Une délégation du Crif (Conseil représentatif des institutions juives de France) conduite par son président Richard Prasquier, a été reçue vendredi matin par le président Nicolas Sarkozy pour lui faire part de "son inquiétude face à la multiplication d’actes antisémites".
Le président Sarkozy est "très attentif" à ce problème. Il étudie l’éventualité de faire une "déclaration solennelle" sur la question de l’antisémitisme, a indiqué le président du Crif. Le président de la République en parlera certainement au dîner annuel du Crif qui aura lieu le 2 mars, a-t-il ajouté.
Ces actes antisémites sont commis souvent par des jeunes et impliquent deux types d’actions, a-t-il poursuivi : répression contre les violences mais aussi pédagogie pour lutter contre cette "culture d’antisémitisme".
Depuis le 27 décembre (début de l’opération contre Gaza), il y a eu une centaine d’actes antisémites alors que pour toute l’année 2007, il y en avait eu environ 250, a-t-il rappelé.
"Décrire l’opération israélienne à Gaza comme un +génocide+ est un mensonge intolérable", a-t-il ajouté en réponse à une question sur le lien entre le soutien de la communauté juive à Israë l et la situation à Gaza.
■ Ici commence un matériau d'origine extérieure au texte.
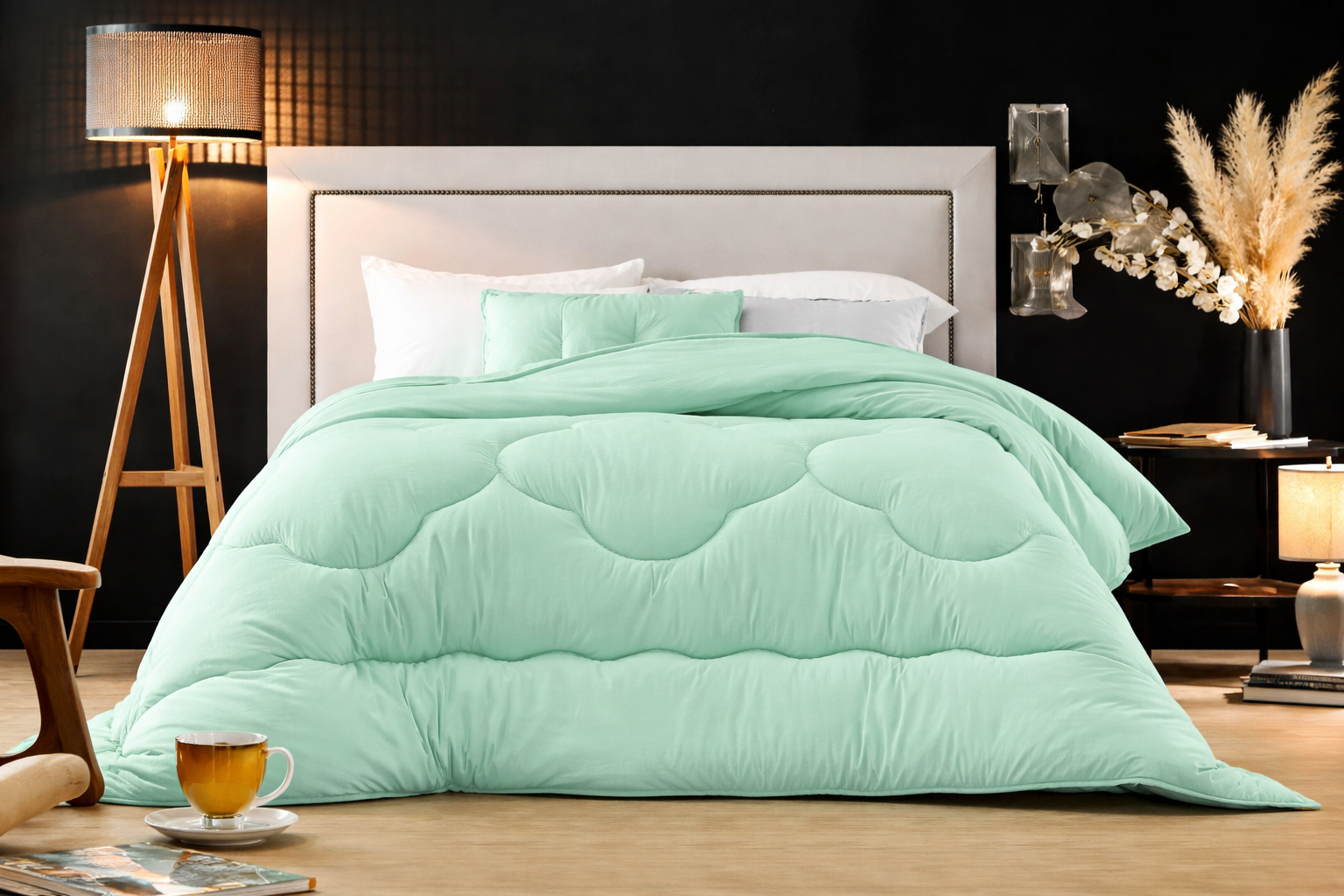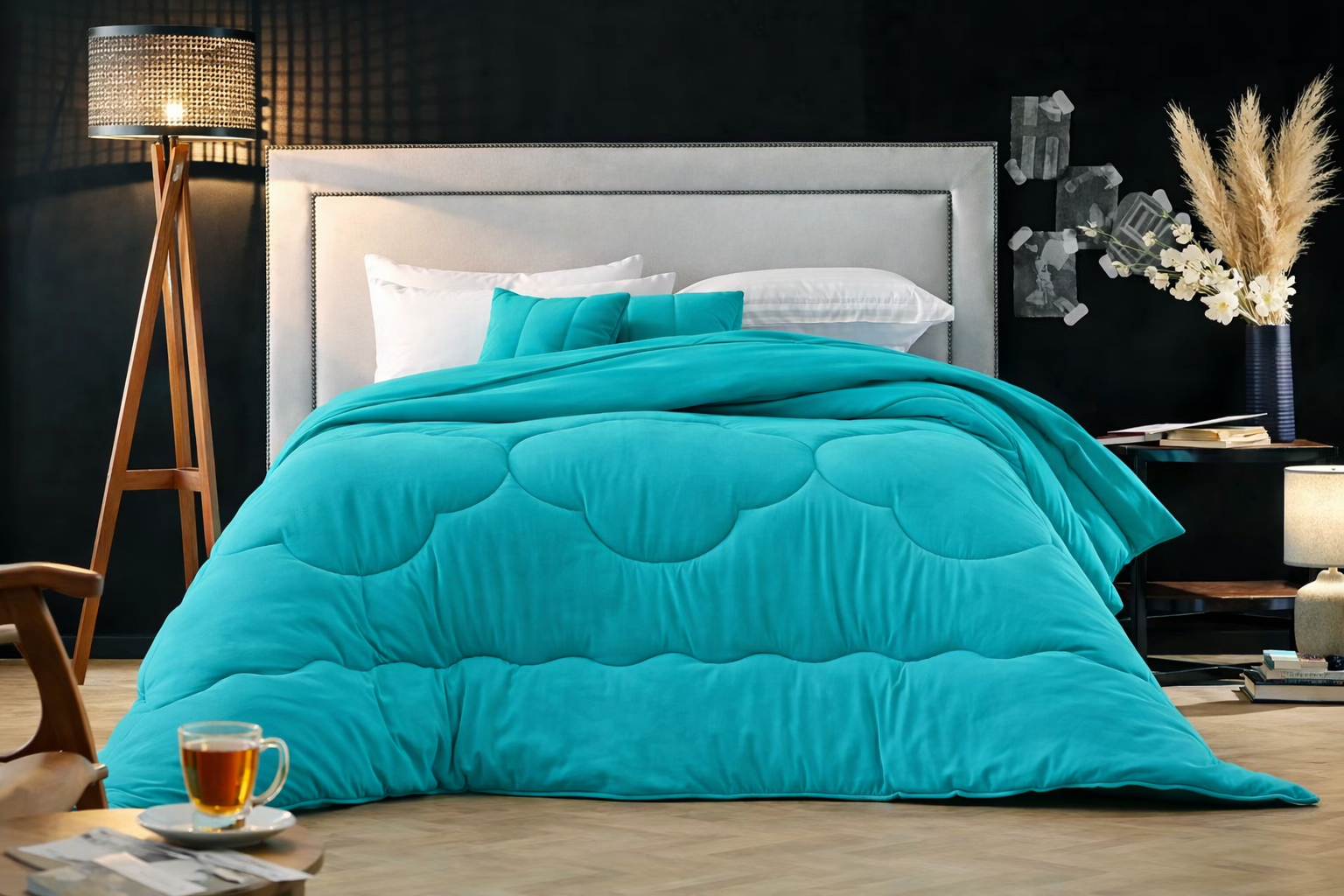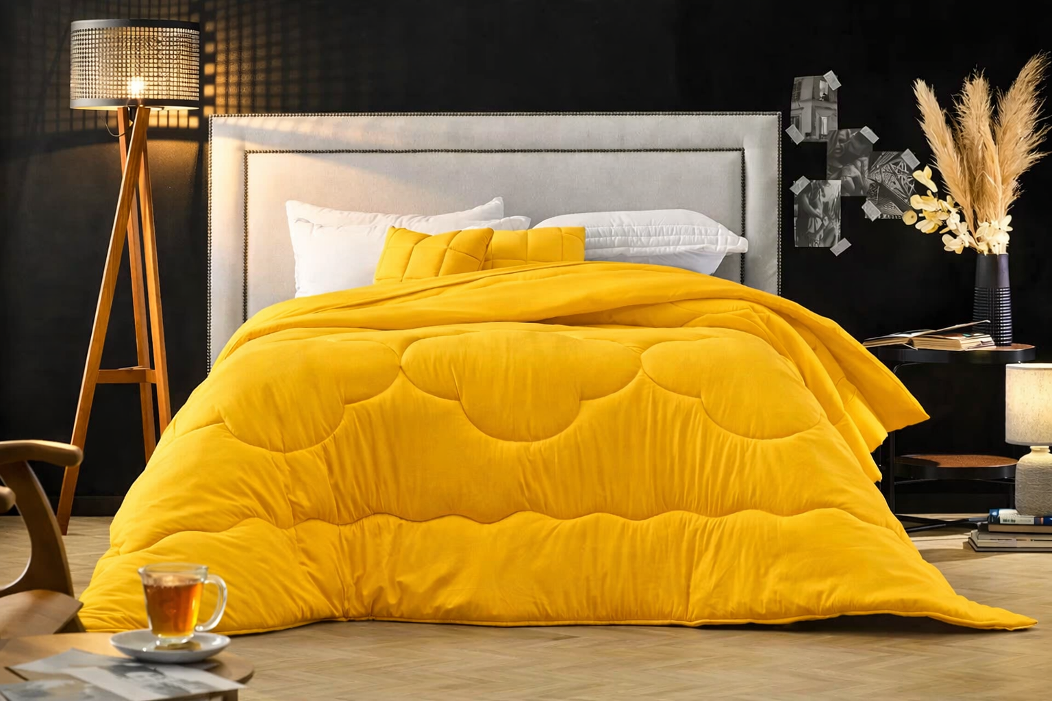 Nuestros edredones hechos en algodón pima con caída hacia al piso 45 cm

A propos de la levée de l’excommunication des 4 évêques intégristes, dont un -Richard Willimason- ouvertement négationniste, Richard Prasquier répond "nous n’avons pas à entrer dans cette décision de levée d’excommunication, mais nous ne pouvons que constater que le moment de cette annonce était mal choisi, à quelques jours de la Journée internationale de commémoration des victimes de la Shoah" (ndlr 27 janvier). Il espère que le pape prendra "les mesures nécessaires pour empêcher cet évêque de nuire". Toutefois, il estime que le dialogue des juifs avec l’église catholique, qui est "bien installé" (...) "va se poursuivre".